Segment Start: RECORDS FOR PROCESSING

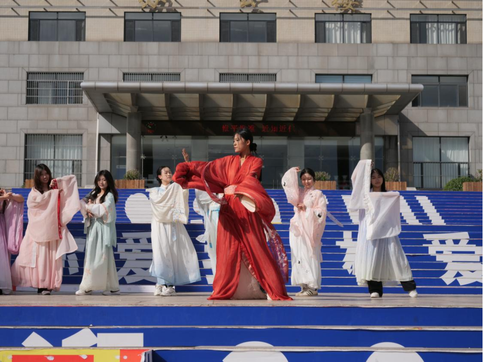 活动伊始,汉韵风华社成员身着不同纹样、色彩的汉服整齐亮相,节目《奔腾》通过静态展示、动态走秀吸引众多同学驻足。社团成员们细致讲解不同汉服的历史渊源、制作工艺及纹样寓意,现场设置试穿体验区,感兴趣的同学可亲身感受传统服饰的版型美感与文化底蕴。精致的裙裾、灵动的走秀表演,不仅展现了社团对传统文化的传承热情,更让现场师生直观领略到汉服所承载的东方美学。
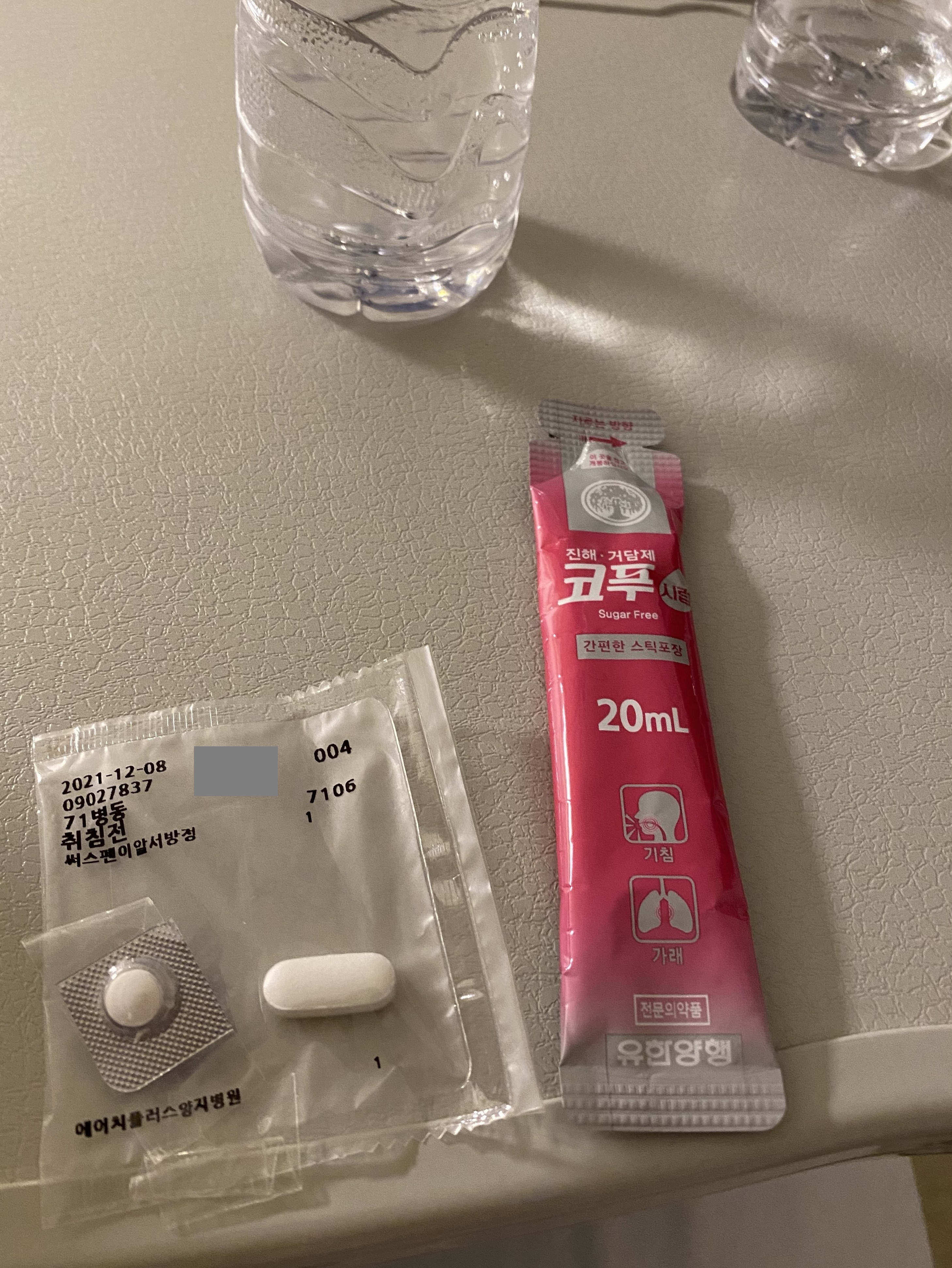 나는 병원에 있는 동안 코로나 증상 치료를 위한 목적으로 총 5개의 약과 변비약을 처방받았다.
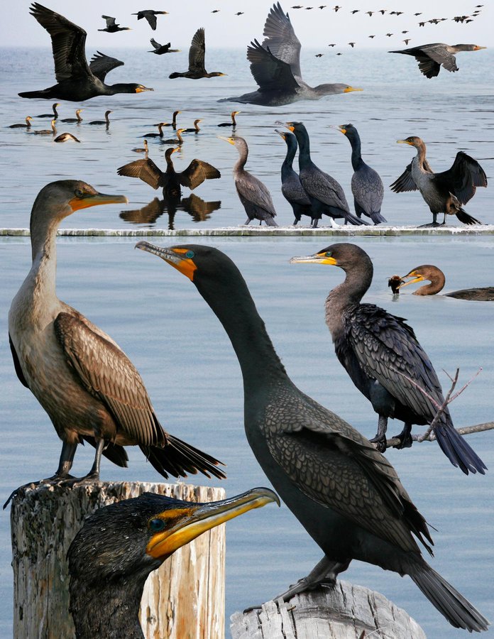 Widespread and very common. Often approachable and found near humans. Occasionally forms massive feeding flocks on lakes where food is plentiful. Also happy in salt water. Creates long, haphazard lines in flight, a familiar site on migration. Often glides. ID: Very variable in color (variation poorly understood). Easily mistaken for both GRCO and NECO, though it is only species found over much of its range. Always check size, tail length, head patterns, and underpart color (1st-years). Up to 1 year old, shows great variation from white to brown underparts and everything in between, but always paler on neck than belly. Gular patch and loral skin varies from deep orange to yellow-orange and is large with smoother rear edge. 2-3-year-olds and nonbr adults (4 years) similar, with varying amounts of brown mixed with black feathers, particularly on neck. Breeding birds shiny black. 'Double-crest' hard to see and varies from white to black. When soars, can be confused with ANHI.
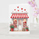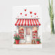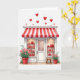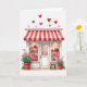 This greeting card shows a sweet little candy shop front made for Valentine’s Day. A red-and-white striped awning hangs over the entrance, and two bright display windows sit on either side. Inside, you can see shelves filled with heart-shaped gifts and treats in deep red tones, and the white paneled door in the center looks welcoming. At the bottom, red pots hold green plants with small pink flowers, adding a soft, friendly touch. A small wooden stool rests to the right of the door, like someone might sit and wait with a gift in hand. Above the shop, red hearts of different sizes float across the white background like confetti, setting a romantic mood ❤️💌🍫.
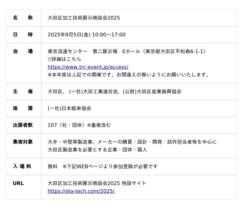 9月5日(金)「ものづくりのまち 大田区」の高度な加工技術が一堂に集結する展示会開催!
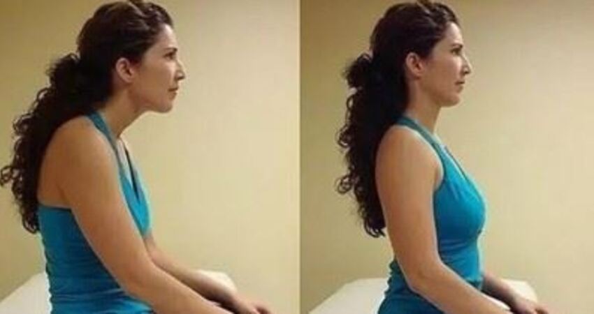 手放在下巴上,把下巴向後推,下巴微微向下,保持5次呼吸
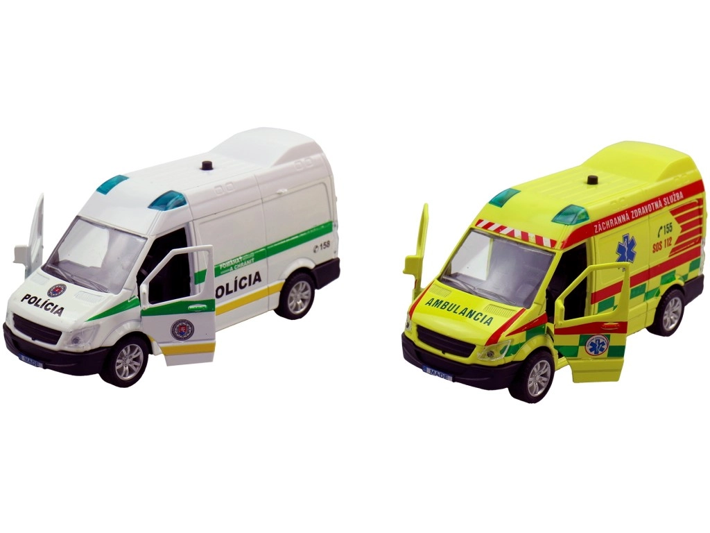 - Autentický vzhled: slovenská sanitka a policejní vůz
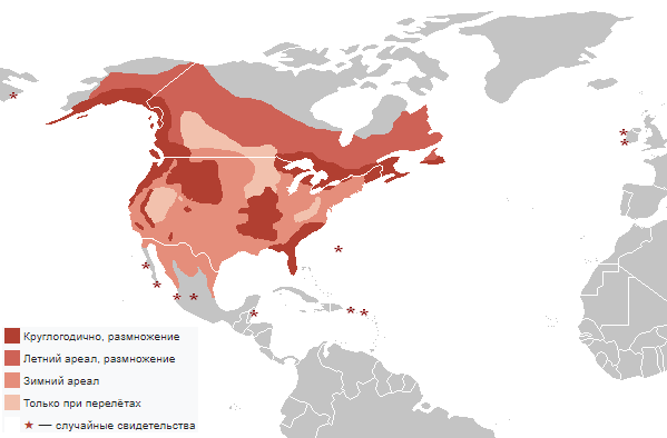 Распространён на обширной территории Северной Америки: на севере ареал ограничен Алеутскими островами, центральной Аляской, центральной Канадой до Лабрадора и Ньюфаундленда; на юге Нижней Калифорнией в Мексике, американским штатом Нью-Мексико и побережьем Мексиканского залива вплоть до Флориды. Плотность гнездовий представлена неравномерно — наибольшее количество птиц зарегистрировано в американских штатах Флорида, Виргиния, Мериленд, Мэн и Вашингтон, а также в районах вокруг Великих озёр.
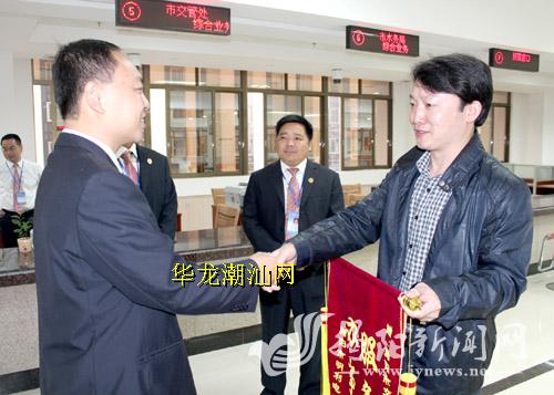 近日,揭阳市明利电力发展有限公司专门派代表到市政务服务中心,向市交管处驻市政务服务中心办事窗口赠送绣有“服务热情,办事高效”的锦旗,对市交管处办事窗口仅用3天时间(比法定时间30天缩短了27天)就为他们办结了道路普通货物运输经营许可表示衷心感谢,并对市政务服务中心整体优质高效的便民服务工作给予肯定和赞扬。
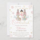 Personalize this sweet pink winter onederland first birthday party invitation with your party details easily and quickly, simply press the customize it button to further re-arrange and format the style and placement of the text. Featuring whimsical characters from the Nutcracker in sweet pastel colors. Perfect for your little snowflake's first birthday! Matching items available in store! (c) The Happy Cat Studio.
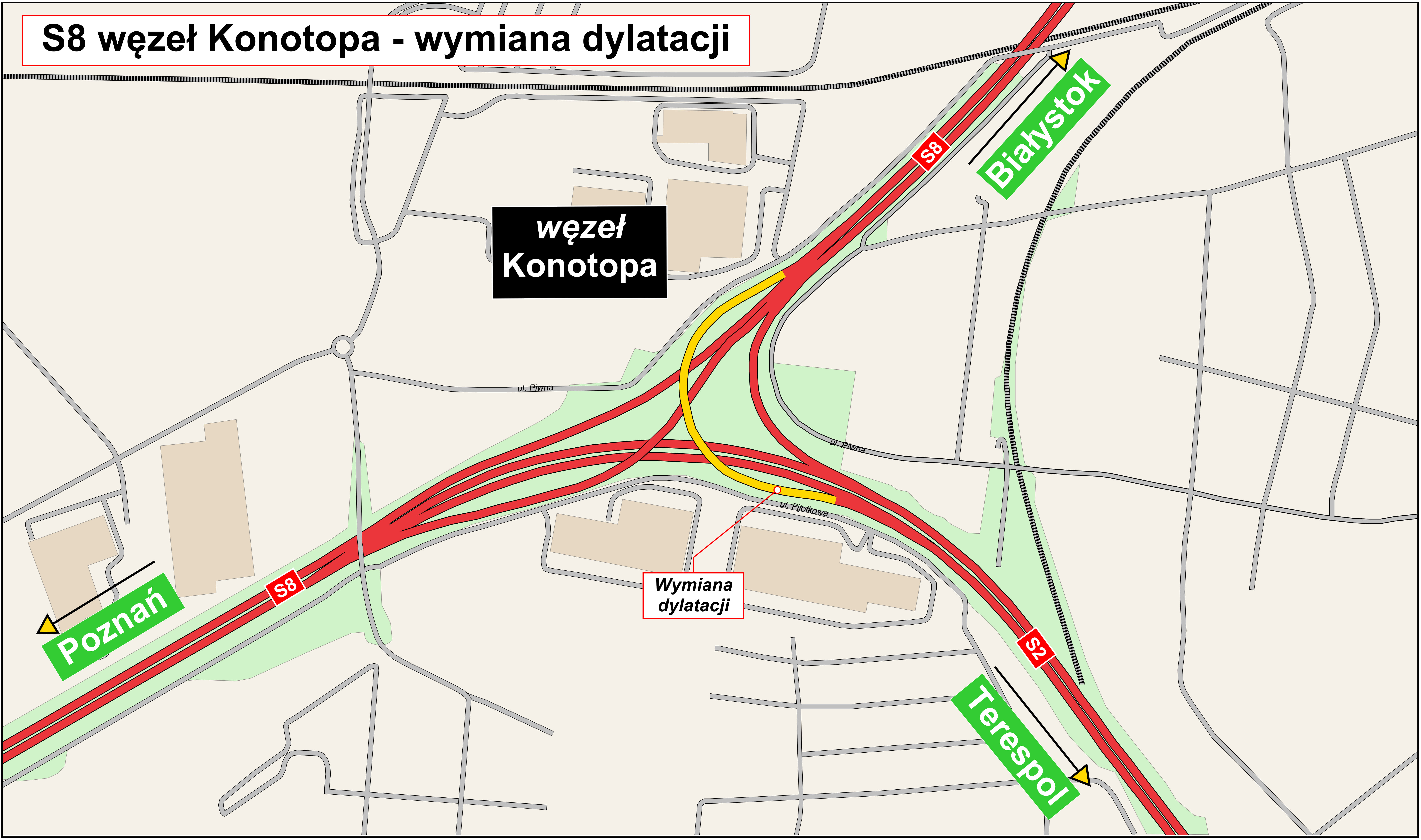 W poniedziałek, 9 czerwca (g. 10:00) na węźle Konotopa, rozpocznie się wprowadzanie zmiany w organizacji ruchu. Powodem jest wymiana dylatacji na łącznicy prowadzącej ruch z S8 (od Białegostoku) na S2 (kier. Terespol). Roboty będą prowadzone przy zajętości połowy jezdni.

Segment End: RECORDS FOR PROCESSING

EXERCISE PROMPT: Word for word, copy the lines from the one with "Personalize this sweet" through the end of the entries above, and do not include any picture.

ANSWER:
 Personalize this sweet pink winter onederland first birthday party invitation with your party details easily and quickly, simply press the customize it button to further re-arrange and format the style and placement of the text. Featuring whimsical characters from the Nutcracker in sweet pastel colors. Perfect for your little snowflake's first birthday! Matching items available in store! (c) The Happy Cat Studio.
 W poniedziałek, 9 czerwca (g. 10:00) na węźle Konotopa, rozpocznie się wprowadzanie zmiany w organizacji ruchu. Powodem jest wymiana dylatacji na łącznicy prowadzącej ruch z S8 (od Białegostoku) na S2 (kier. Terespol). Roboty będą prowadzone przy zajętości połowy jezdni.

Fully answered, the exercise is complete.